SSAE 16 (Statement on Standards for Attestation Engagements) was designed to fulfill international service organization reporting standards. These reports cover the service organization’s controls of its system for a specific point in time.

SSAE 16 Compliant Data Centers

All CoreSpace Data Centers are certified SSAE16 compliant with the new SSAE 16 standards. With this new certification, all servers hosted with CoreSpace are secured through the implementation of IT controls that adhere to the new SSAE 16 guidelines. CoreSpace service Technicians working within the data center facility operate according to a strict internal process to ensure that all servers are managed according to the controls established.

SSAE 16 Type I

SSAE 16 Type I is geared towards service organizations that had not gone through a SAS 70 audit and would like to be set on their own path to a Type II reporting standard. SSAE 16 Type 1 – is when Auditors test the accuracy of the service provider’s descriptions and assertions. Any information provided by the independent auditor in regards to testing the service and its operating effectiveness are optional for this report.

SSAE 16 Type II

A Type II report details the testing done on the service organization’s controls and its effectiveness. The audit is completed over a minimum period of six months which is stated in the report. Reports utilize the Trust Services Principles, published by the AICPA, to evaluate the effectiveness of a service organizations controls with respect to security, availability, processing integrity, online privacy, and confidentiality.

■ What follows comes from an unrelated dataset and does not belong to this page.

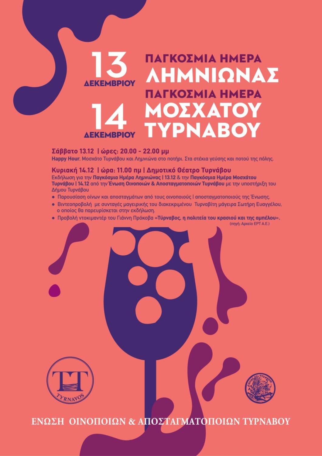 Η Ένωση Οινοποιών & Αποσταγματοποιών Τυρνάβου (Tyrnavos Wines & Spirits) διοργανώνει με την υποστήριξη του Δήμου Τυρνάβου για πρώτη χρονιά το ετήσιο διήμερο αφιερωμένο στις δύο ποικιλίες που αποτελούν τον θεμέλιο λίθο της αμπελουργικής ταυτότητας της περιοχής: τη Λημνιώνα και το Μοσχάτο Τυρνάβου. Με την Παγκόσμια Ημέρα Λημνιώνας στις 13 Δεκεμβρίου και την Παγκόσμια Ημέρα Μοσχάτου Τυρνάβου στις 14 Δεκεμβρίου, ο θεσμός που εγκαινιάστηκε πέρυσι αποκτά πλέον ακόμη μεγαλύτερη δυναμική, με τη φετινή διοργάνωση να περιλαμβάνει στοχευμένες δράσεις, συμμετοχή των οινοποιείων και αποσταγματοποιείων του Τυρνάβου και εκδηλώσεις που αναδεικνύουν συνολικά το οινικό και γαστρονομικό αποτύπωμα της περιοχής.

These reports demonstrate that we adhere to the risks within our environment and are equipped with appropriate controls to address those risks. SSAE 16 reports confirm that our control program is appropriately designed, and that the controls designed to safeguard customer data is operating effectively over time. Customers can now leverage our services to store and process any type of sensitive data with confidence regarding high levels of privacy and security.